Another huge speed boost comes from using a faster optimizer regular Gradient Descent!

### Momentum Optimization
*Momentum optimization* or SGD with momentum is method which helps accelerate
gradients  vectors in the right directions, thus leading to faster converging.

In [13]:
# Momentum Optimization
optimizer = keras.optimizers.SGD(lr=0.001, momentum=0.9)


### Nestrov Accelerated Gradient
The *Nestrov Accelerated Gradient (NAG)* measures the gradient cost function not at the local
position $\theta$ but slightly ahead in the direction of the momentum, at $\theta + \beta m$.
This small tweak works because the momentum vector will be pointing in the right direction
(toward the optimum), so it will be slightly more accurate than the gradient at the original
position.



In [14]:
# NAG
optimizer = keras.optimizers.SGD(lr=0.001, momentum=0.9, nesterov=True)


### RMSProp
*RMPSProp* accumulates the gradients from the most recent iterations (as opposed to all the
gradients from the beginning of training). It does so by using exponential decay in the first step

The decay rate $\rho$ (rho) is a hyperparameter so it can be tuned. The default value of 0.9
tends to work well, however.

In [15]:
# RMSProp
optimizer = keras.optimizers.RMSprop(lr=0.001, rho=0.9)

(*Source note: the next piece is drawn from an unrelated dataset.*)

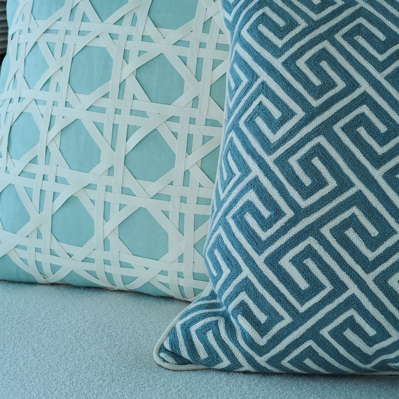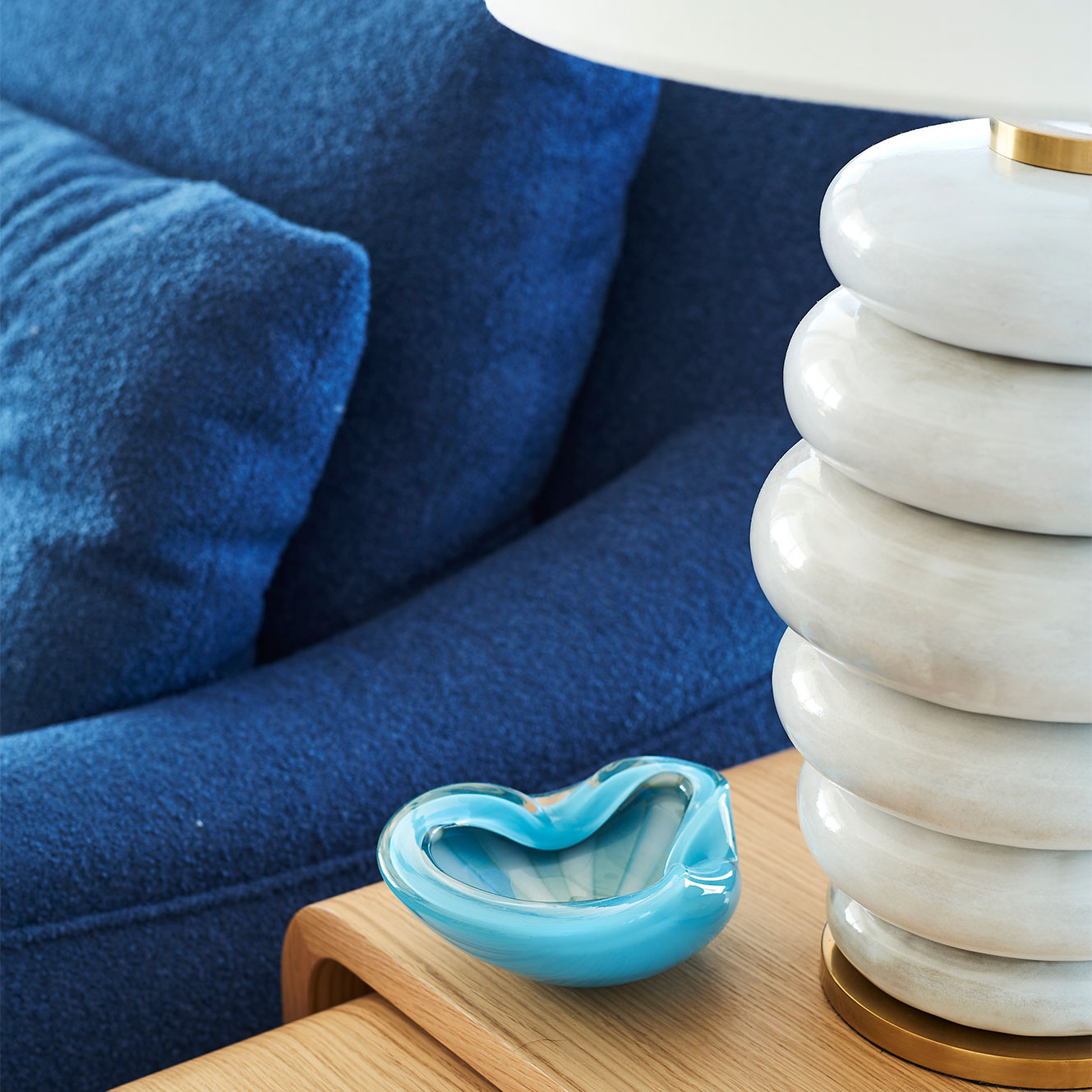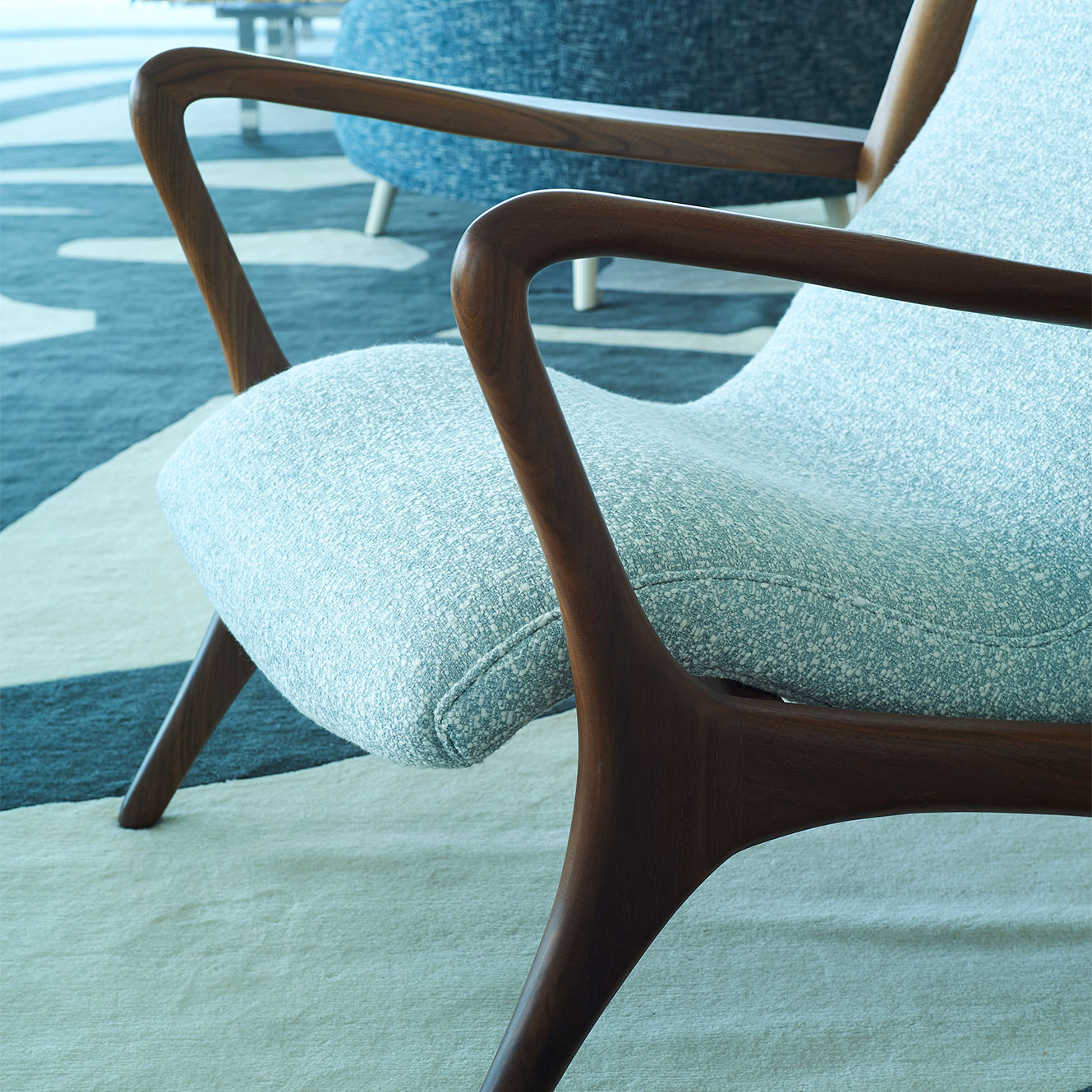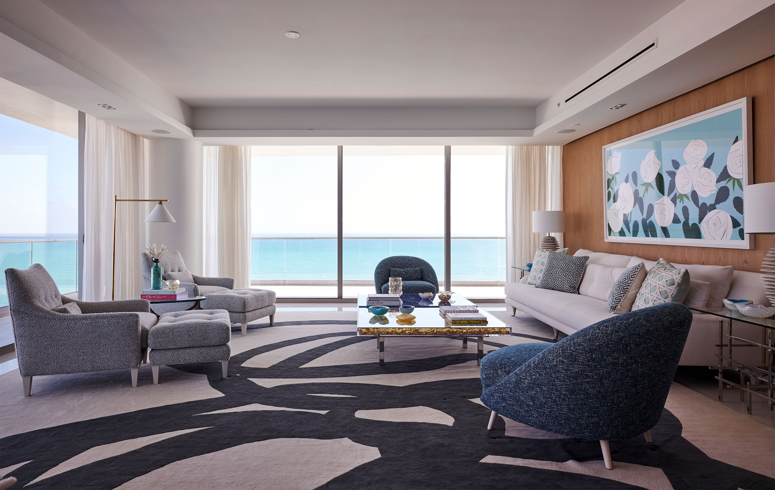 Concebido como refúgio beira-mar para uma família com quem Sig e Murilo trabalham há mais de duas décadas, o projeto transforma o apartamento em uma casa acolhedora. O mar orienta a composição por meio de superfícies claras, texturas táteis e uma paleta de azuis. Nos livings, o tapete azul-marinho e off-white de desenho orgânico organiza o mobiliário, com sofás em bouclé azul e poltronas de linhas orgânicas.

### Adam and Nadam Optimisation
*Adam* or *adaptive moment estimation* combines the idea of momentum optimization and RMSProp:
just like momentum, it keeps track of an exponentially decaying average of past gradients; and
like RMSProp, it keeps track of an exponentially decaying average of past squared gradients.

Adam is and *adaptive learning rate* algorithm. it requires less tuning of the learning rate
hyperparameter.

In [16]:
# Adam
optimizer = keras.optimizers.Adam(lr=0.001, beta_1=0.9, beta_2=0.999)

## Learning Rate Scheduling
Finding a good learning rate is essential. If it is set too high, training may diverge. If it is
set too low, training will eventually converge to the optimum, but it will take very long.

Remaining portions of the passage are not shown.